Live Reviews

CRIME / SALEM LIGHTS / KILLER’S KISS, 10-1-04

 

I went to a reunion of “San Francisco’s first and only rock and roll band”, CRIME, over 12 years ago. This review, from my old Agony Shorthand blog, is the story of that night.

CRIME / SALEM LIGHTS / KILLER’S KISS, 10-1-04, Thee Parkside, San Francisco…..

My evening started at a high-society benefit/Q&A with “Curb Your Enthusiasm”’s LARRY DAVID, which I had to high-tail it from in order to find a way to crash the massive, big deal, ultra-secret-but-everyone’s-talking-about-it CRIME reunion show.

The Larry David thing was packed with black-clad matrons in pashmina wrap-arounds & 5-inch heels, former mayors, back-slapping titans of industry, and glistening glitterati as far as the eye could see.

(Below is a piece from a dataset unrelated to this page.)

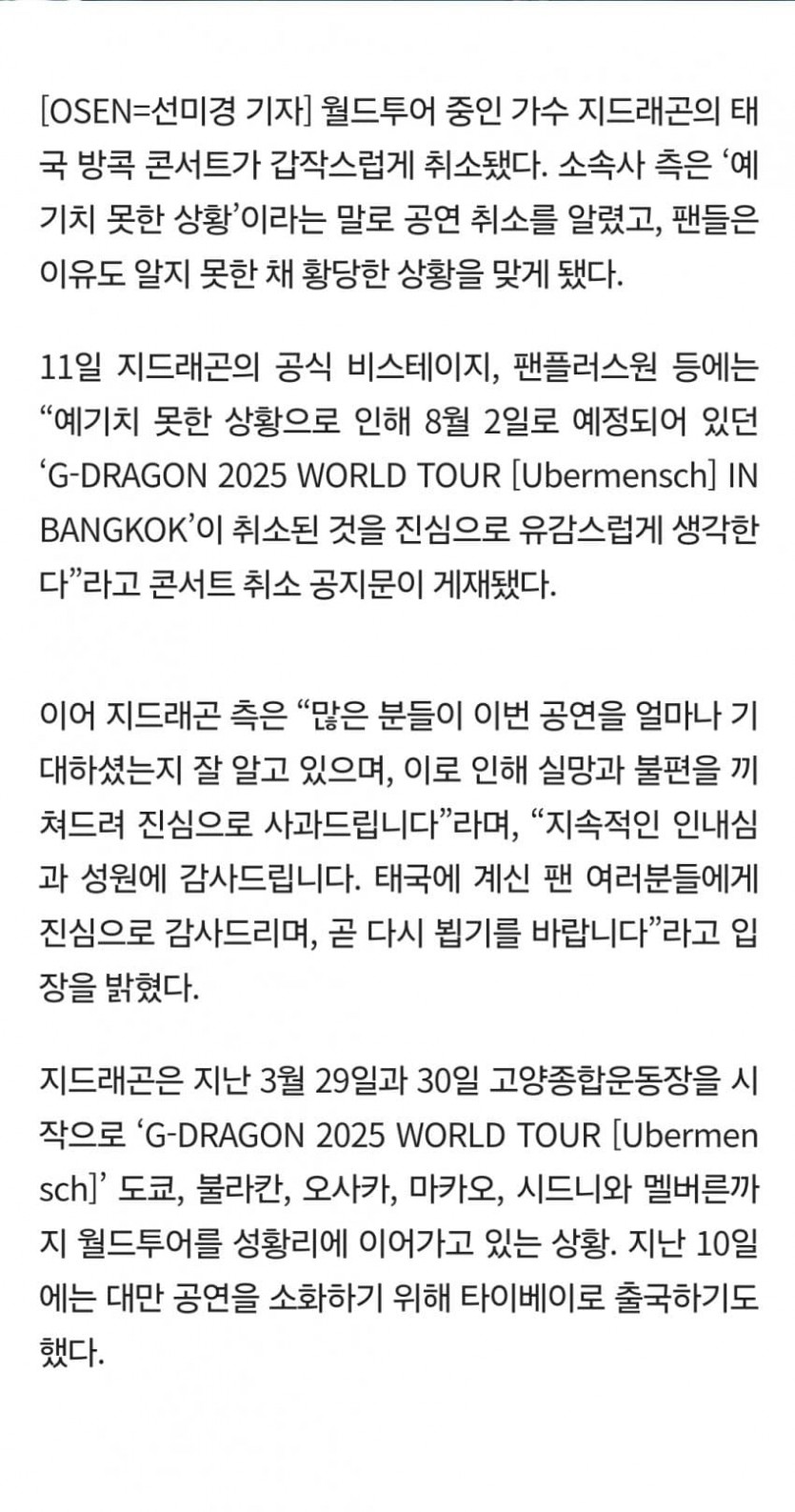 예기치 못한 상황 지드래곤, 참 예의 없는 방콕 공연 취소 작성자 정보 두마리치킨7777 작성 작성일 2025.12.28 01:14 컨텐츠 정보 3 조회 목록 답글 본문 관련자료 이전 잘 때 몸이 회복하는 신비한 과정 ㄷㄷ 작성일 2025.12.28 01:32 다음 백종원 , 먹는거엔 타협 안해요 작성일 2025.12.28 00:38 댓글 0 등록된 댓글이 없습니다. Select File Upload File 목록 답글

Obviously I was a tight fit with that crowd, my people. Storming the Crime thing right afterward, I found a great American (CO) had thankfully secured me a rare ticket, and that there were plenty to be had regardless.

Apparently they kept the reunion of San Francisco’s first and only rock and roll band a little too secret, but by the time the band got on there were a bunch of hooters & hollerers amped and ready for ‘77-style action. There was even a posse of awesome leather-clad, mirror-shaded Japanese hipsters right out of the Shinjuku underground & straight off the JAL flight from Tokyo, as there always seems to be whenever there’s a big “garage rock” festival in San Francisco. This was the kick-off night of a 3-day “Budget Rock” fiesta, so let’s quit the gawking and start talking about the rocking.

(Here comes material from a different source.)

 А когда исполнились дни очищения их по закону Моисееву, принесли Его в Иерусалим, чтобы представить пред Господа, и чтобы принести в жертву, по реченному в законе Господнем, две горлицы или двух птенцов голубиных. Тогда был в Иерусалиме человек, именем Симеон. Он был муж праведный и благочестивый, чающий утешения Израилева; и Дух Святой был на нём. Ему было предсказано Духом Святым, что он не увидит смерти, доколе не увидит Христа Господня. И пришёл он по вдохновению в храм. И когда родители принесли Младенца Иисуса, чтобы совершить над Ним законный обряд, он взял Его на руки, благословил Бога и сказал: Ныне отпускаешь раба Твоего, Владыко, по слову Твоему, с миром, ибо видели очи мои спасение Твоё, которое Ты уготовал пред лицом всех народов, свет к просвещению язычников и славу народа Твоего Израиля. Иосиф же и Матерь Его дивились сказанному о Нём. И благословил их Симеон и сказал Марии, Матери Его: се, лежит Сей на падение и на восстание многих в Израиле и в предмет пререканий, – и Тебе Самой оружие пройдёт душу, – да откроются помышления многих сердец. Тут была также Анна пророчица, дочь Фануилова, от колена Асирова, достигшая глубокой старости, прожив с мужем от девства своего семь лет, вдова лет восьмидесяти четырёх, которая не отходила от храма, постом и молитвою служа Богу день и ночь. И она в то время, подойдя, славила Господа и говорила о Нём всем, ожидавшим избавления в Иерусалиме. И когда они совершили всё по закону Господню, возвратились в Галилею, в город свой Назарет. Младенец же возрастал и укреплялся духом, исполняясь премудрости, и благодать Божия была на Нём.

It was great to see KILLER’S KISS back up this year’s loud-ass 45 with an equally tough set. They’re probably the closest thing this coast has in spirit and approach to the REIGNING SOUND, but with a little more in the way of 60s-style growling & pummeling. One guitarist is all about propelling the song forward, the other about jarring feedback and screech, and there’s a anarchronistic female keyboardist pounding away to make herself heard above the racket. A fine way to get the eardrums in shape and my game face on.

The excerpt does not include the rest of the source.